# [What to work on]
Print the listing exactly as it stands. Skip every picture.

# [Data shown]
+++
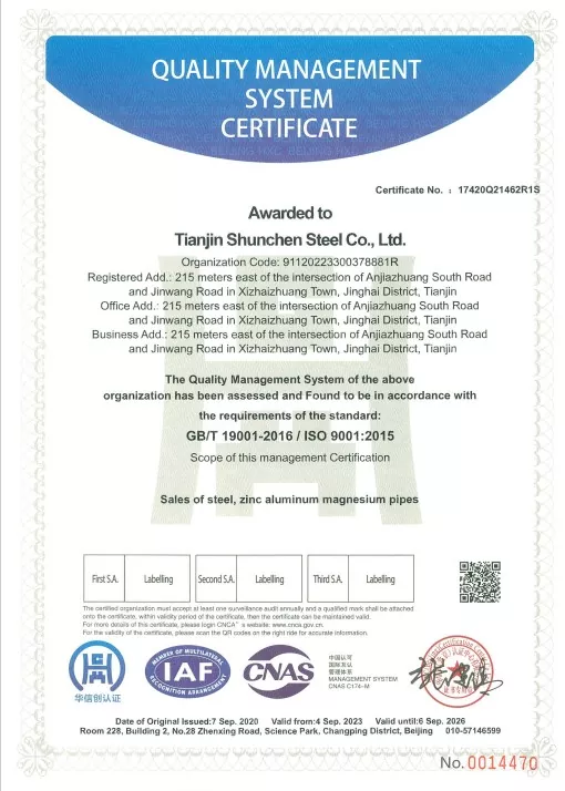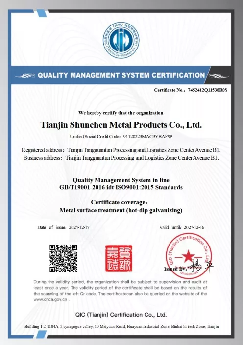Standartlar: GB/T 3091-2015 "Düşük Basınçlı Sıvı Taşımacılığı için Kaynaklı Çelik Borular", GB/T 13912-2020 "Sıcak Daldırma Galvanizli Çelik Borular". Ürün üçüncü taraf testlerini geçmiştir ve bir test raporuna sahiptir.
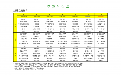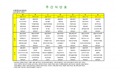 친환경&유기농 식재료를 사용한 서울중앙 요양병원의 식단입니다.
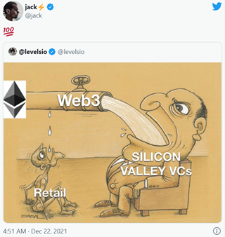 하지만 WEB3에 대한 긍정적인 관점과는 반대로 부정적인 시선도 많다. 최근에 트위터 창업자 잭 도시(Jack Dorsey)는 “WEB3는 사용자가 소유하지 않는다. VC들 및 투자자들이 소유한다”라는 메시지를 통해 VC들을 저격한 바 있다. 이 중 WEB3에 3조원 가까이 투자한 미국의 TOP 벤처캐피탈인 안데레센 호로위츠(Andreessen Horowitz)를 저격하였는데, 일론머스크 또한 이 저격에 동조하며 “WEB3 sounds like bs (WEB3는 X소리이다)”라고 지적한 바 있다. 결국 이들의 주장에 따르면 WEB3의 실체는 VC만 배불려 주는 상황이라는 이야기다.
+++
# [Task response]
Standartlar: GB/T 3091-2015 "Düşük Basınçlı Sıvı Taşımacılığı için Kaynaklı Çelik Borular", GB/T 13912-2020 "Sıcak Daldırma Galvanizli Çelik Borular". Ürün üçüncü taraf testlerini geçmiştir ve bir test raporuna sahiptir.
 친환경&유기농 식재료를 사용한 서울중앙 요양병원의 식단입니다.
 하지만 WEB3에 대한 긍정적인 관점과는 반대로 부정적인 시선도 많다. 최근에 트위터 창업자 잭 도시(Jack Dorsey)는 “WEB3는 사용자가 소유하지 않는다. VC들 및 투자자들이 소유한다”라는 메시지를 통해 VC들을 저격한 바 있다. 이 중 WEB3에 3조원 가까이 투자한 미국의 TOP 벤처캐피탈인 안데레센 호로위츠(Andreessen Horowitz)를 저격하였는데, 일론머스크 또한 이 저격에 동조하며 “WEB3 sounds like bs (WEB3는 X소리이다)”라고 지적한 바 있다. 결국 이들의 주장에 따르면 WEB3의 실체는 VC만 배불려 주는 상황이라는 이야기다.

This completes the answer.